Saturday, March 10, 2012

The Cuban Missile Crisis and Iran


Thinking about allowing a nuclear-armed Iran and Cold War-style containment as options? Studying up on the Cuban Missile Crisis should make you think twice, to say the least.


Cuba's Communist regime and Iran's Islamist regime are allies, united by a common hatred of the United States. This should be a matter of serious concern, given Cuba's transfer to Iran of biotechnology materials and knowhow, under cover of cooperative, scientific and medical research accords, which may have aided Iranian development of biological weapons.

But Iran has no doubt gained something else from Cuba--namely, potentially valuable insights into the enormous capacity for self-delusion and denial that exists on the part of many U.S. policymakers and pundits.

The historical parallels are striking. Just as nowadays Iran's intentions are hidden in plain sight, Soviet-Cuban intentions were fairly obvious in the months leading up to the Cuban Missile Crisis, the most dangerous episode of the Cold War. No espionage activities (no James Bond or Blackford Oakes missions) were necessary to figure out what Moscow and Havana were up to in 1962; and none are required today. Merely reading the news should suffice.

Back to the missile crisis. In the late summer and early autumn of '62, the Kennedy administration and its admirers in the press downplayed or ridiculed Republican Congressional concerns over a growing Soviet military presence in Cuba, an island only 90 miles off the U.S. shore. Soviet ships loaded with military equipment had begun arriving in Cuba at the rate of one or more a day starting sometime in July; and it is now known that by September or earlier, Moscow had introduced offensive missiles and bombers, complete with nuclear warheads, into Cuba, and that the Soviet plan was to wait until the installation was finished before confronting Washington with the frightening new reality.

On August 10, CIA director John A. McCone wrote a memo to President Kennedy in which he asserted that the Soviets were preparing to introduce ballistic missiles into Cuba. Then, Senator Kenneth Keating (R-New York), who probably received his information from Cuban exiles in Florida, warned on the Senate floor that the Soviets were building missile launch sites in Cuba, "pads capable of hurling missiles into the heartland of the United States and as far as the Panama Canal Zone."

The charge was dismissed as absurd. The so-called dean of American columnists, Walter Lippmann (a liberal who had actually praised Hitler during the Nazi rise to power), responded by assuring his readers, "The present Cuban military buildup is not only not capable of offensive action, but also it is not capable of defensive action against the United States."

The rest is history. Click here and here to read it. The Wikipedia article's explanation of the Soviet deception program seems especially relevant in light of oil-rich Iran's claim--which many media personalities still seem willing to take seriously--that it is developing nuclear power for peaceful purposes. An excerpt:

From the very beginning, the Soviet's operation entailed elaborate denial and deception, known in the USSR as Maskirovka. All of the planning and preparation for transporting and deploying the missiles were carried out in the utmost secrecy, with only a very few told the exact nature of the mission. Even the troops detailed for the mission were given misdirection, told they were headed for a cold region and outfitted with ski boots, fleece-lined parkas, and other winter equipment. The Soviet code name, Operation Anadyr, was also the name of a river flowing into the Bering Sea, the name of the capital of Chukotsky District, and a bomber base in the far eastern region. All these were meant to conceal the program from both internal and external audiences.

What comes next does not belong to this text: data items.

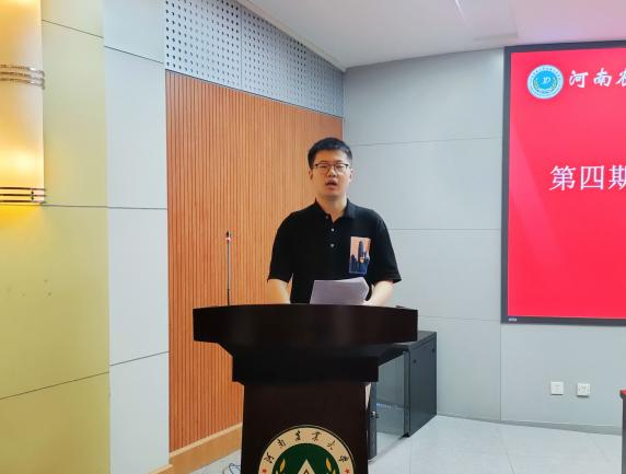 第四期青马班优秀学员代表王毅轩发言。他首先对学院老师的关怀、青马班学员的配合表达感谢,随后向与会人员分享了三点收获。他表示,在青马班学习的日子里,更加坚定了对共产主义的信仰、更加注重理论与实践的结合、更加珍惜来之不易的同学情谊,表明今后将继续牢记习近平总书记提出的嘱托,向先进同志学习,努力发展自我,矢志不渝地成为一名有思考、有灼见、有锋芒的青马人。
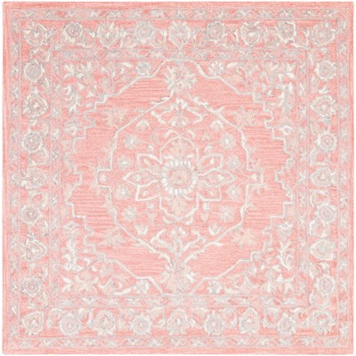 Transform your space with this charming 3 foot by 3 foot square rug in a delightful pink and ivory palette. Crafted using hand tufted techniques in India, this rug beautifully combines the warmth of wool and cotton with latex backing for added stability. Its low profile of 1/4 inch makes it perfect for any area. Embrace the bohemian spirit with its geometric pattern that adds a touch of artistic flair to your decor. Ideal for enhancing cozy corners, this rug blends style and comfort effortlessly. Rediscover the joy of home decor with a piece that inspires creativity and warmth.
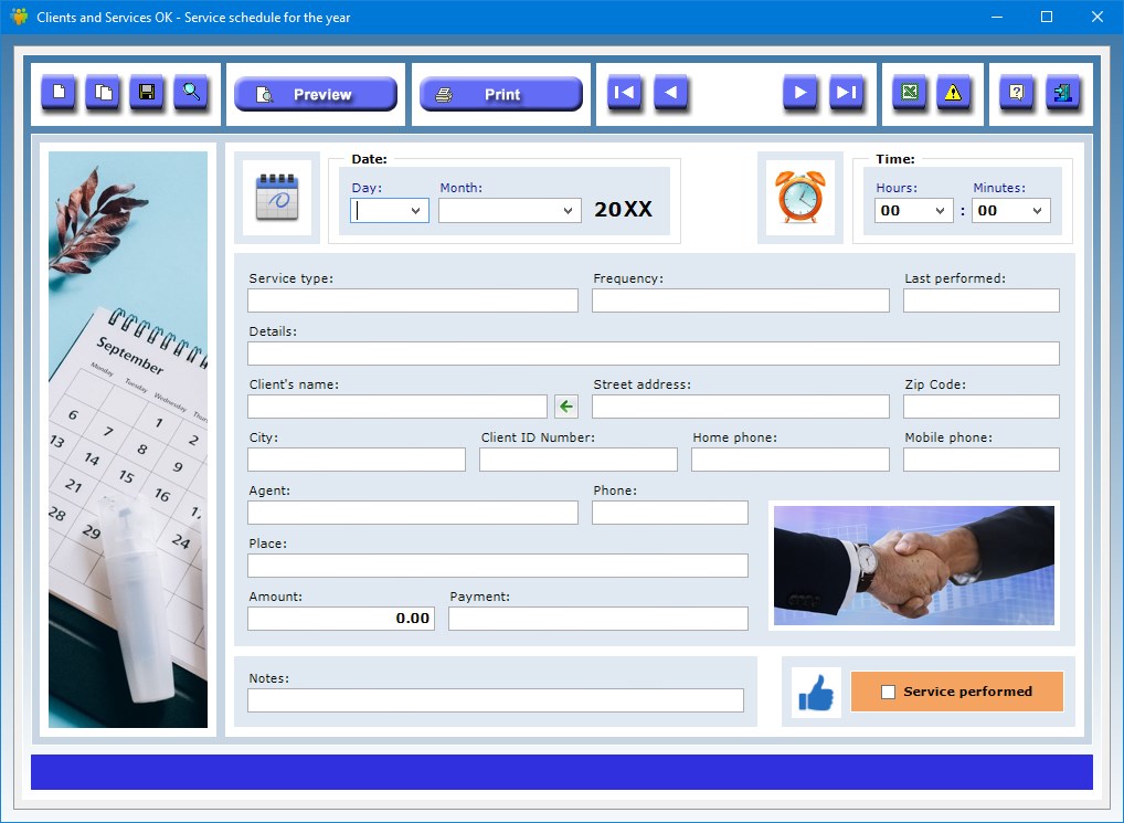 You can describe each scheduled service by indicating the date and time of the deadline or appointment, the service type, its frequency, the last time it was performed, a detailed description of the service, the client's data, the name and phone number of the agent or company representative providing the service, the place of the appointment or where the service will be carried out, the amount to be paid by the client, the method of payment, and any further notes.
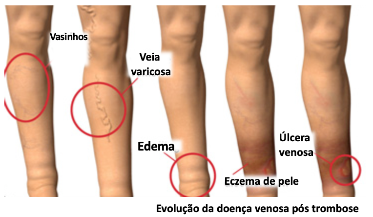 Dentre as complicações crônicas se destaca a síndrome pós trombótica, a qual pode estar presente em até 60% dos pacientes que apresentam trombose na coxa e perna, e se caracteriza por uma lesão na parede interna da veia levando ao seu mal funcionamento e acúmulo de sangue na perna, acarretando em alterações que variam desde inchaço crônico, aparecimento de varizes no membro inferior afetado até alterações de pele como escurecimento da mesma e feridas.
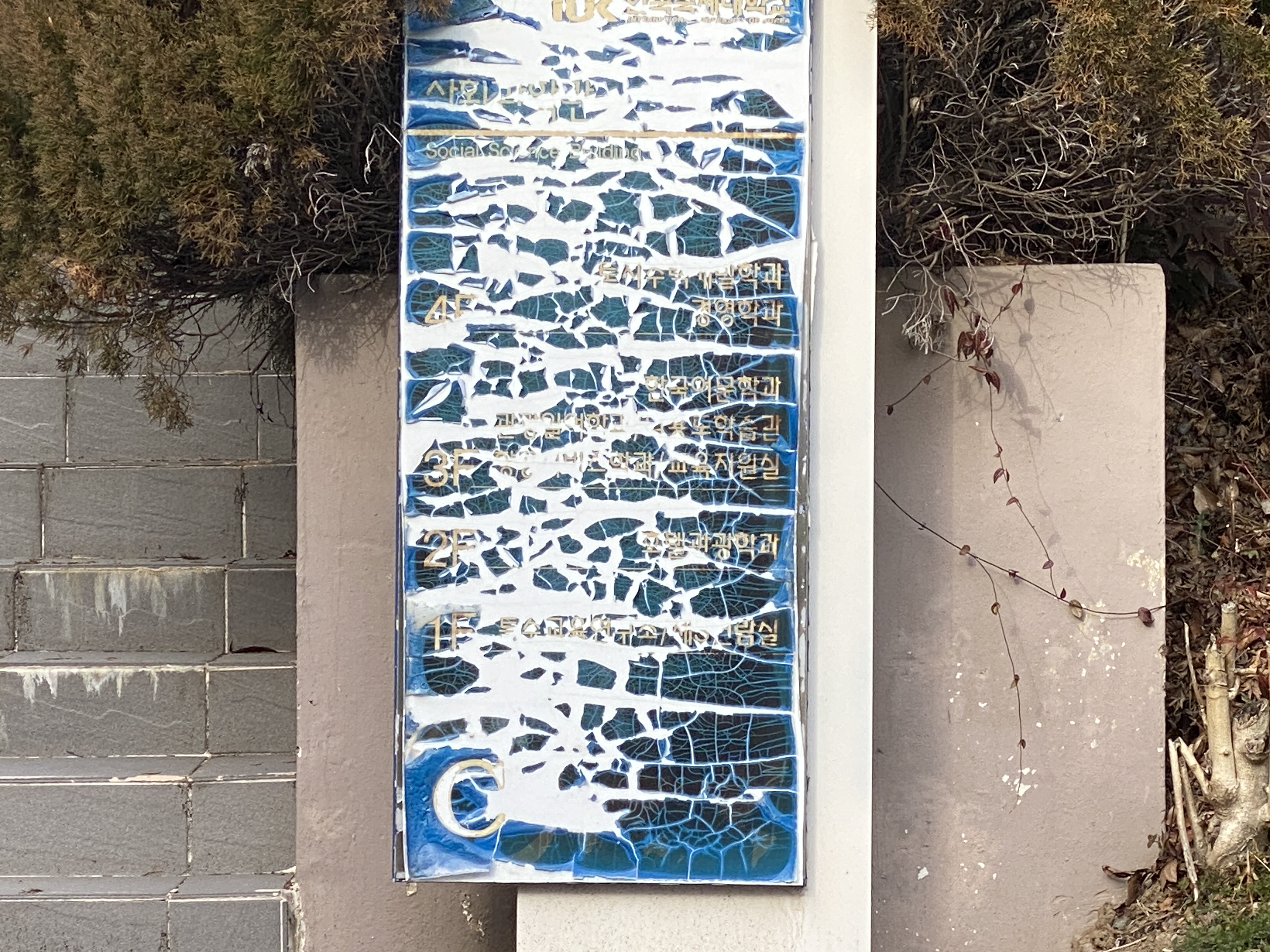 건물 안내 표지판의 스티커는 오래되어 이미 말려들어간 지 오래입니다. 그래도 관리가 잘 되던 입구 근처 건물들에 비하면 아쉽게 느껴집니다.
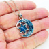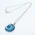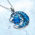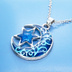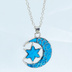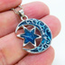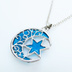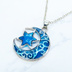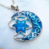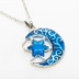 アンティークシルバー アラベスク調の透かし模様の三日月と星のブルーカラーペンダントネックレス レジン 長さ調整可 ステンレス可
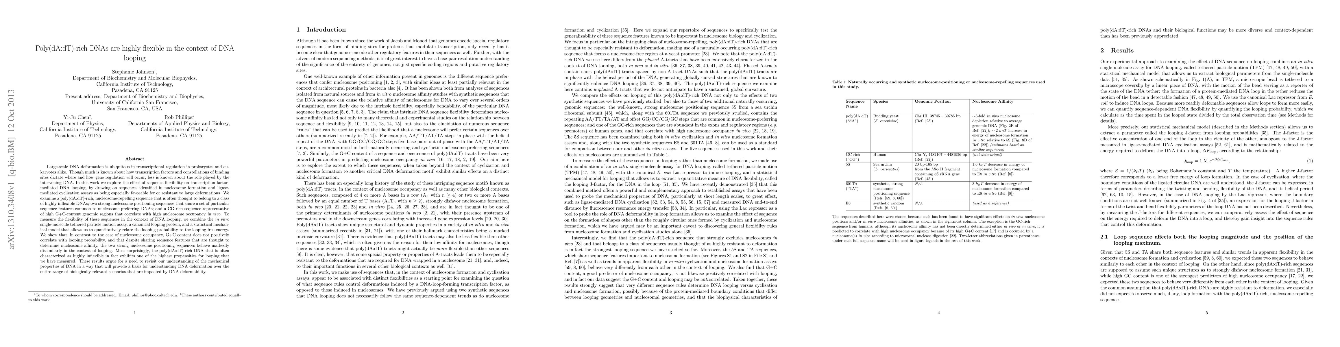 This research demonstrates that poly(dA:dT)-rich DNA sequences, typically considered inflexible, show high flexibility and propensity for DNA looping, contrary to expectations. The study reveals that G+C content does not correlate with looping probability and that nucleosome positioning sequences behave differently in looping contexts.
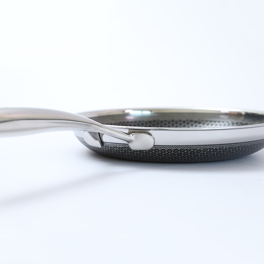 • Tay cầm dài 20.3cm bằng Inox đúc rỗng, kỹ thuật đặc biệt ghép nối với thành chảo nên không nóng
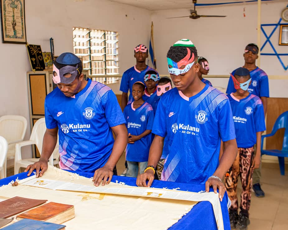 The evening buzzed with excitement and a vibrant festive atmosphere as the young players, primarily from the Gihon Hebrew Synagogue, along with their fans, gathered at the synagogue in Abuja, the capital of Nigeria, to get ready for the Purim eve service, where they would read the megillah Esther, in accordance with Purim tradition. The players who spent the night at the synagogue resumed the service in the morning with a Torah service, attended by both the older and younger members of the congregation, along with two visitors who expressed their delight in attending the service at the Synagogue.
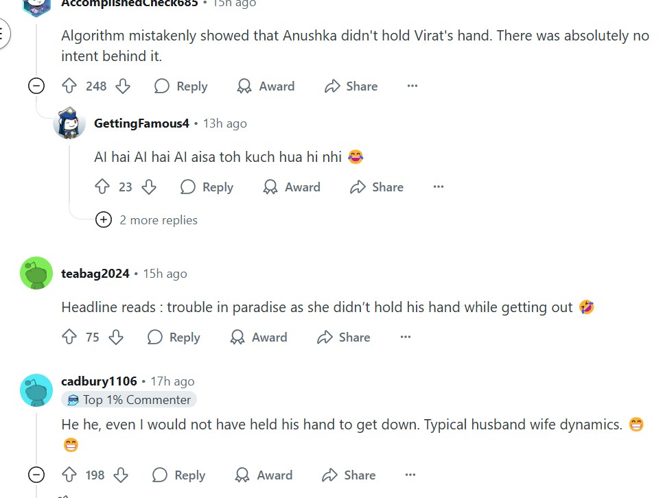 एक यूजर ने Reddit पर एक क्लिप पोस्ट की और दावा किया कि विराट और अनुष्का कल बेंगलुरु में देखे गए। अब क्लिप पर फैंस तरह-तरह के रिएक्शन दे रहे हैं। एक यूजर ने लिखा,"मैं क्या देख रहा हूं। उन्होंने विराट का हाथ नहीं पकड़ा।" एक अन्य एक्स यूजर ने लिखा, "अवनीत कौर वाले कांड के बाद भाभी गुस्सा है।" एक अन्य ने पोस्ट किया, "एल्गोरिदम ने हैंडशेक भी छोड़ दिया।"
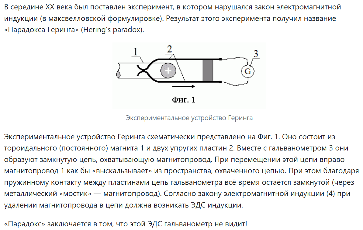 Электромагнитная индукция - это разностороннее явление, сопровождаемое многими парадоксами. Вот, к примеру, парадокс Геринга:
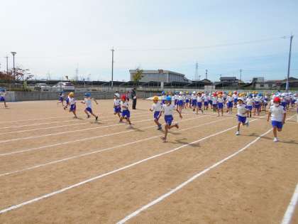 今日は天気もよく、グラウンドで50メートル走の練習をしました。
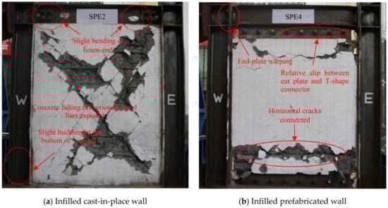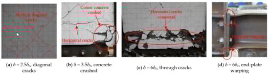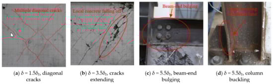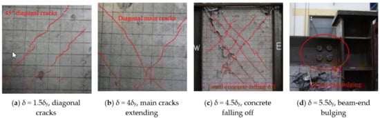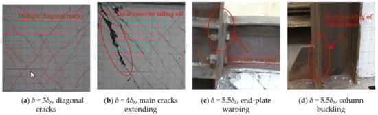 The cracks at the control stage of displacement 1.0–3.0 δy continued to expand and extend to the edge of the wall, thereby forming through cracks with a width of 2–3 mm along the diagonal direction (Figure 6a). The concrete partly fell off on both sides of the principal diagonal cracks when the displacement was 4.0 δy, and the width of the cracks reached 4–5 mm (Figure 6b). Considerable concrete fell off at the intersection of the cracks along the diagonal when the displacement was 4.5 δy. The local steel bars were exposed. Then, the flange at the end of the beam bulged upward. A large area of concrete fell off when the displacement was 5.5 δy. Then, many holes appeared on the wall. Numerous steel bars were exposed and the wall was seriously damaged. Furthermore, the end-plate warped (Figure 6c). The middle part of the column bulged outward and the column base buckled (Figure 6d). Finally, the horizontal load decreased by more than 15%, and the specimen lost its carrying capacity.
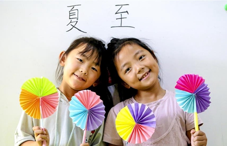 6月21日,南昌县塔城乡中心小学的戏曲老师(前左一)为孩子们做采茶戏的动作示范。
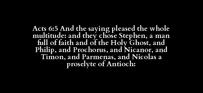 | [kai] | [logos] | [aresko] | [enopion] | [pas] | [plethos] | [kai] | [eklegomai] | [Stephanos] | [aner] | [pleres] | [pistis] | [kai] | [hagios] | [pneuma] | [kai] | [Philippos] | [kai] | [Prochoros] | [kai] | [Nikanor] | [kai] | [Timon] | [kai] | [Parmenas] | [kai] | [Nikolaos] | [proselutos] | [Antiocheus] |
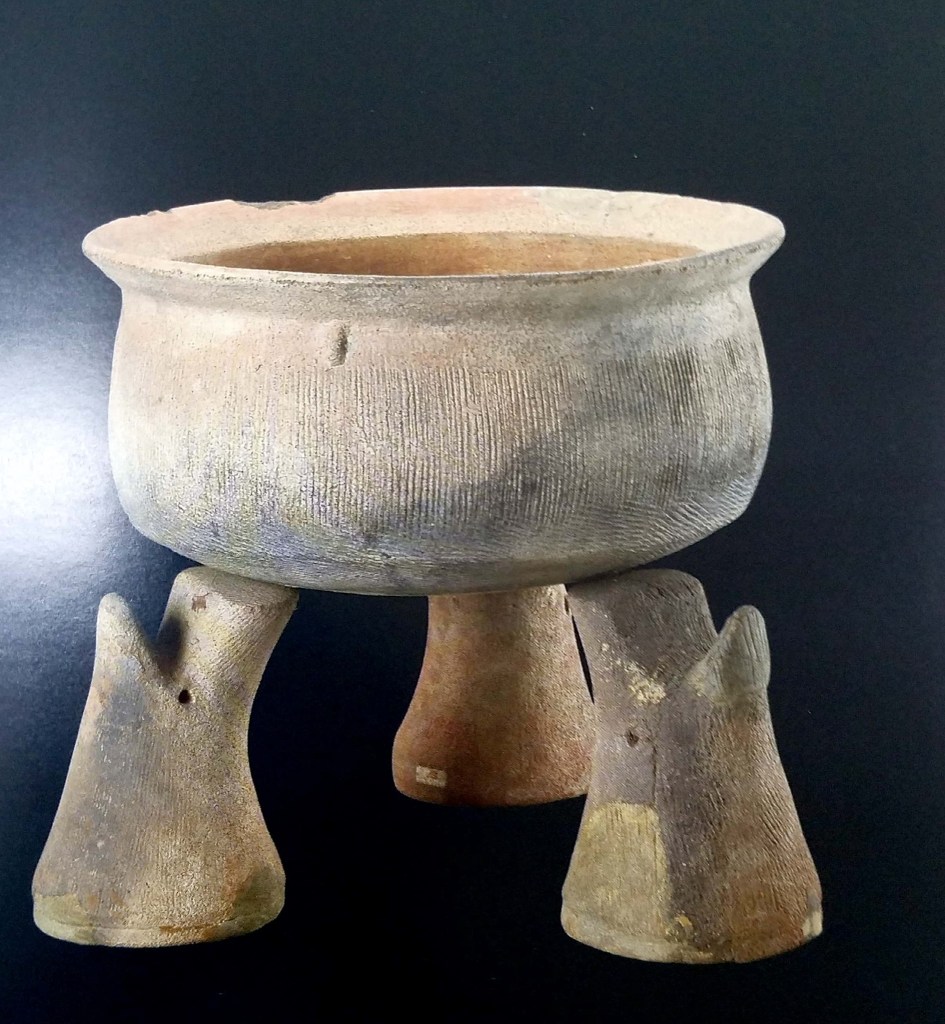 Cổ vật gốm có thể nói là một loại hình đặc trưng và ít thay đổi qua thời gian, cổ vật gốm tại các vùng có sự di cư tới của các cư dân tộc Việt thể hiện sự tương đồng rất rõ. Nồi gốm cùng chạc gốm như dưới đây được tìm thấy sớm nhất tại tỉnh Hồ Bắc có niên đại vào khoảng 7000 năm TCN, sau khi họ di cư về Việt Nam thì tại văn hóa Phùng Nguyên và Đông Sơn đều tìm thấy loại hình chạc cùng nồi gốm này.

Max Holland's historical essay is arguably even more relevant, addressing the need for the heads of intelligence agencies to resist pressures to provide policymakers with the intelligence they would prefer to receive instead of the intelligence they need to receive. He writes: "The literature on the [Cuban Missile Crisis] has painted a rosier-than-warranted picture… What actually happened was not a textbook case of how the system should work."

If the Soviet Union under Nikita Khrushchev (he was no Stalin) could dare to smuggle nuclear missiles into Cuba, imagine what Iran's missile-mad mullahs are capable of doing with atomic arms.